While the user fee programs become effective Oct. 1 — the beginning of the fiscal year — FDA is already laying the groundwork for a new review program for new molecular entities and biologics. The agency also started clearing inactive applications in the generic drug backlog ahead of fees that will be charged to pending abbreviated new drug applications at the beginning of the fiscal year.
A provision expediting FDA’s response time to citizen petitions, a measure expected to pay for the cost of the bill by bringing generic drugs to market more quickly, will go into effect immediately. Another generic drug provision that extends the period of time first filing generic drug firms have to obtain approval without forfeiting their 180-day exclusivity period also starts with enactment.
Additional antibiotic exclusivity granted under the Generating Antibiotic Incentives Now section of the law will start immediately, but FDA will have to produce guidance on clinical trials and pathogen-focused development.
The ability to study drugs associated with a specific pathogen across several sites of infection is a topic that some industry stakeholders hope will be addressed in the required guidances. For example, developers could study a drug in pneumonia patients and extrapolate the data for use on another site of infection. FDA will have to address such complicated antibiotic development issues moving forward, said Allan Coukell, director of medical programs at the Pew Health Group.
“Scientifically it’s very important that we can have confidence that the drugs are effective” in the manner they’re being used, he said. Each year, FDA must revise at least three guidance documents related to clinical trials. Separately, the agency will have to issue guidance on pathogen-focused antibiotic development by June 2013 and will have to assess the product incentives in five years.
In the device arena, several reforms go into effect immediately, such as changes to the de novo pathway and FDA’s ability to request postmarket studies that start within 15 months. Janet Trunzo, Advanced Medical Technology Association senior executive vice president for technology regulatory affairs, said the industry group will be monitoring the long-negotiated medical device user fee commitment letter. Device center Director Jeffrey Shuren has said he will start ramping up staff in anticipation of the new program.
Trunzo said many components of FDA’s 510(k) reform plan will have to be updated according to the law. For example, she said she expects the finalized de novo guidance to incorporate changes from the law, which says companies no longer have to apply for and be rejected from the 510(k) clearance process before being considered through the de novo pathway. FDA had issued guidance intended to streamline access to de novo, but needed congressional approval to forgo the 510(k) submission to gain access to the pathway, which is for low- and moderate-risk devices with no predicates.
FDA will also have to withdraw guidance on when device modifications warrant a new 510(k) submission. “We will be monitoring everything that impacts device regulation,” Trunzo said of FDA’s implementation of the device reforms.

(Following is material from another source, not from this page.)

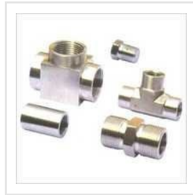
Steel Pipe Fittings

Further, FDA last week issued the Unique Device Identifier rule fulfilling a FDASIA requirement that the agency release the long-awaited regulation by the end of the year, although the law also sets forth a timeframe for finalizing it.
Many of the reports, regulations and guidance requirements — such as social media guidance, a report on small businesses and an integrated management plan — will come due in a year or two. But some are expected in the coming months.
Conflict-of-interest provisions requiring ramped up recruitment and financial disclosure of conflicted advisory committee members start at the beginning of the fiscal year. Within six months, FDA must release guidance on abuse-deterrent products, an issue that the agency has been grappling with as it has proved challenging to define standards for these products. Within 60 days, HHS must hold a public meeting on the Drug Enforcement Administration scheduling of hydrocodone, an issue that garnered controversy late in the legislative process because many stakeholders feared it would put a burden on patients who need the drugs. There is also a provision to prevent FDA from further delaying enforcement of its sunscreen rule, which goes into effect in December for large companies. Plus, as a result of the new law, starting in 180 days, companies can file a request for certification of a medical gas.
While the president signed the bill with no fanfare, the House Energy and Commerce Committee used the new law to tout the committee’s jobs agenda.
“The FDA Safety and Innovation Act will make a real difference in the lives of patients and provide much needed support for our nation’s job creators,” Committee Chair Fred Upton (R-MI) said in a statement. “This law will improve predictability, consistency, transparency, and efficiency of FDA regulations and will help patients get access to new treatments more quickly. These important reforms will help us not only keep jobs in Michigan and all across America, but also to create new ones. This is an important bipartisan accomplishment, and I congratulate all of my colleagues who helped get the bill across the finish line.”